*Data below*:
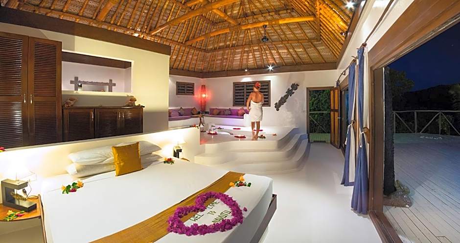 Featuring a large soaking tub built into the living room floor, wide extended decks, and 120 square yards of garden space, these large bungalows are located on a separate bay along the Eastern side of the resort. You can either enjoy the stunning views of the ocean or relax in a hammock. The romantic signature sunken tub is filled tub with floating petals and candles, and you can enjoy soft music, dim lighting and a bottle of wine chilling in an ice bucket.
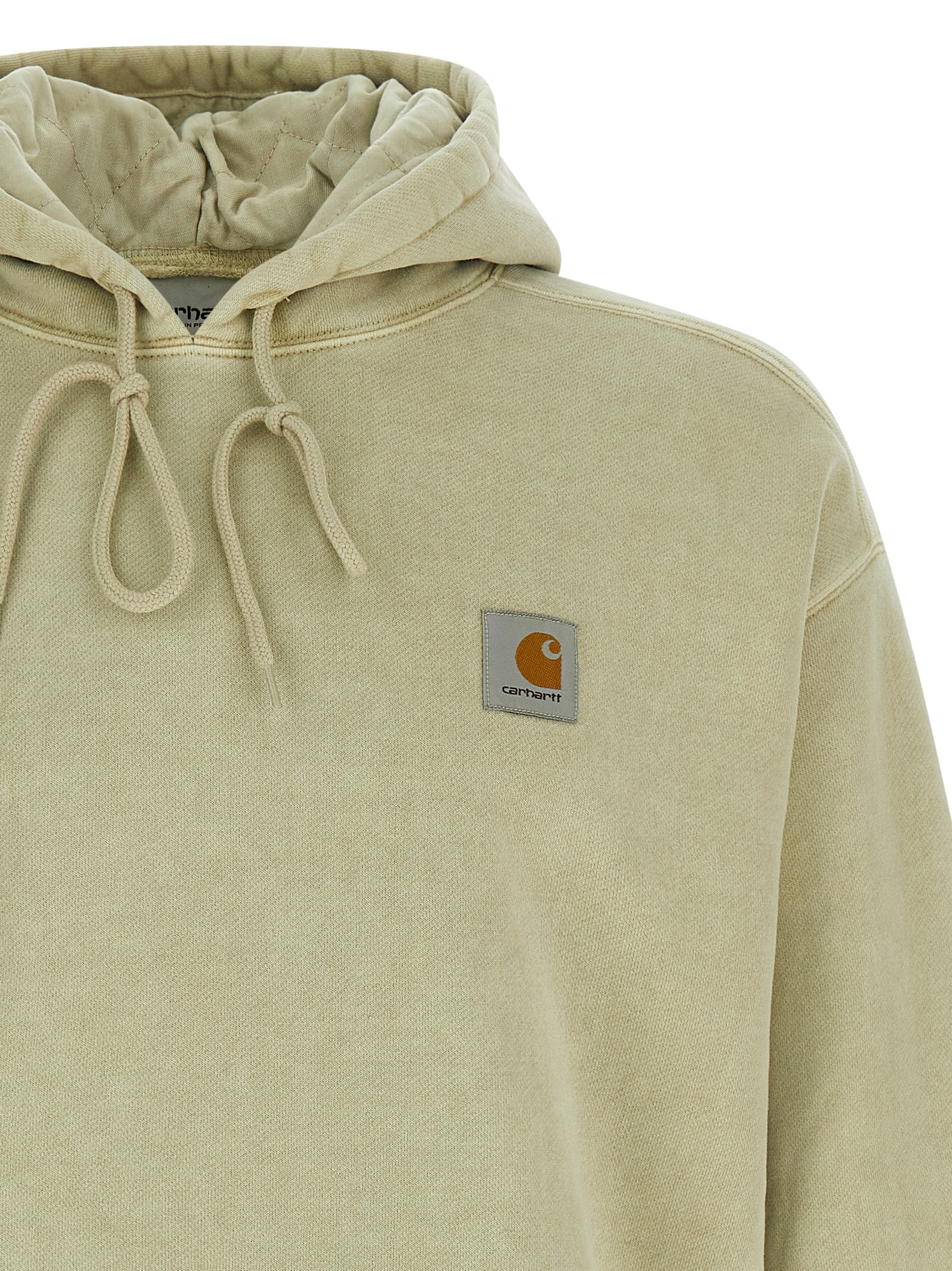 ‘Vista’ slightly washed cotton hoodie with front logo patch, kangaroo pocket, long cuffed sleeves and dropped shoulders.
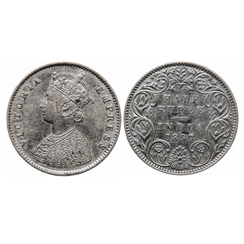 Victoria Empress, Silver, Half Rupee, 1897, Bombay Mint, A/I, 'B' incused. GK 655. Extremely Fine. Very Scarce.

*What this task involves*: All of the material above should be reproduced exactly, except the pictures.

*Output of the exercise*:
 Featuring a large soaking tub built into the living room floor, wide extended decks, and 120 square yards of garden space, these large bungalows are located on a separate bay along the Eastern side of the resort. You can either enjoy the stunning views of the ocean or relax in a hammock. The romantic signature sunken tub is filled tub with floating petals and candles, and you can enjoy soft music, dim lighting and a bottle of wine chilling in an ice bucket.
 ‘Vista’ slightly washed cotton hoodie with front logo patch, kangaroo pocket, long cuffed sleeves and dropped shoulders.
 Victoria Empress, Silver, Half Rupee, 1897, Bombay Mint, A/I, 'B' incused. GK 655. Extremely Fine. Very Scarce.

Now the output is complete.